#### AIM OF THE TASK:
Leaving out pictures, output exactly the lines below from the one that has "rough surface. |" through the one that has "Este conjunto de", and nothing else.

#### MATERIAL FOR THIS TASK:
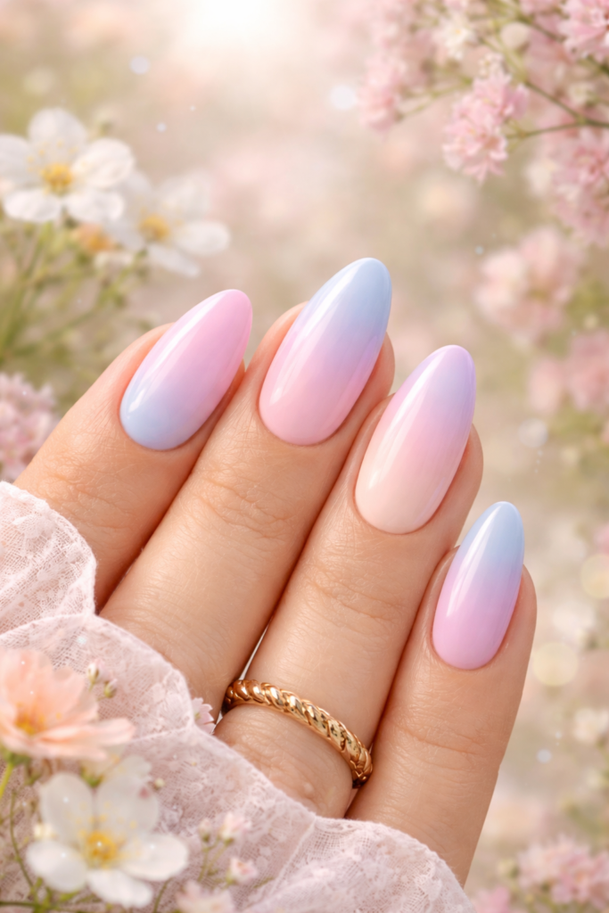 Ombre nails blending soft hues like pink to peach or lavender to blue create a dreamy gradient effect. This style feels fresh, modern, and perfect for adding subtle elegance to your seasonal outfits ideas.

==

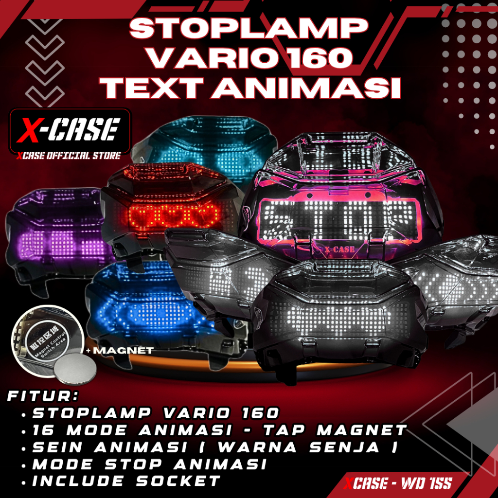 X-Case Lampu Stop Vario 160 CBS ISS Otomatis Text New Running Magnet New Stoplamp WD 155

...

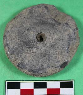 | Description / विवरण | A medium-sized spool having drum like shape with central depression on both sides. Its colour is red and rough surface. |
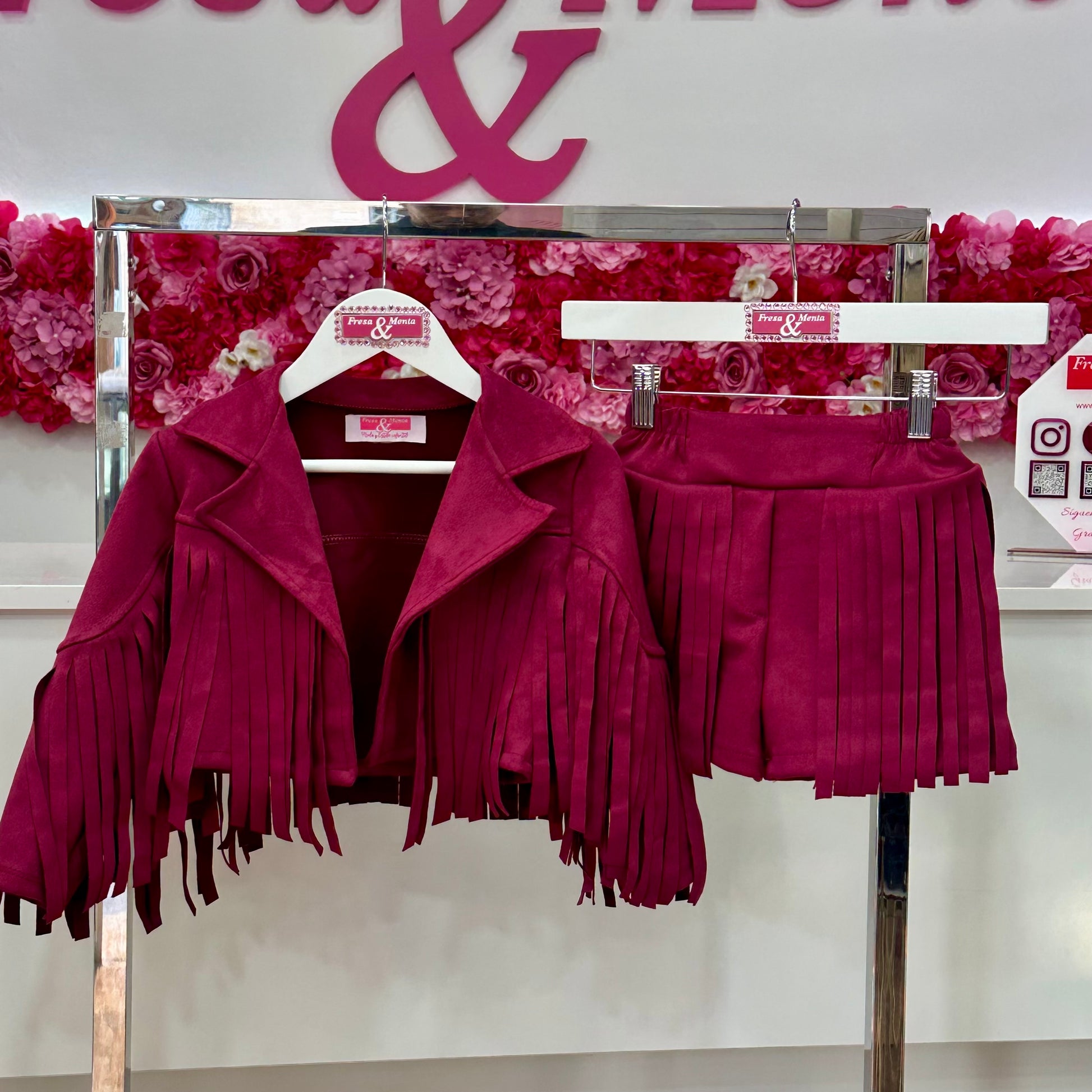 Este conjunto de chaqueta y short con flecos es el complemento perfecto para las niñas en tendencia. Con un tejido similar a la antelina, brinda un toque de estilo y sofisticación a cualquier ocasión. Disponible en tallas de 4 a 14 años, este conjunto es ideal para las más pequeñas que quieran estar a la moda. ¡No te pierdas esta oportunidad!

#### ANSWER TO THE PROBLEM:
 | Description / विवरण | A medium-sized spool having drum like shape with central depression on both sides. Its colour is red and rough surface. |
 Este conjunto de chaqueta y short con flecos es el complemento perfecto para las niñas en tendencia. Con un tejido similar a la antelina, brinda un toque de estilo y sofisticación a cualquier ocasión. Disponible en tallas de 4 a 14 años, este conjunto es ideal para las más pequeñas que quieran estar a la moda. ¡No te pierdas esta oportunidad!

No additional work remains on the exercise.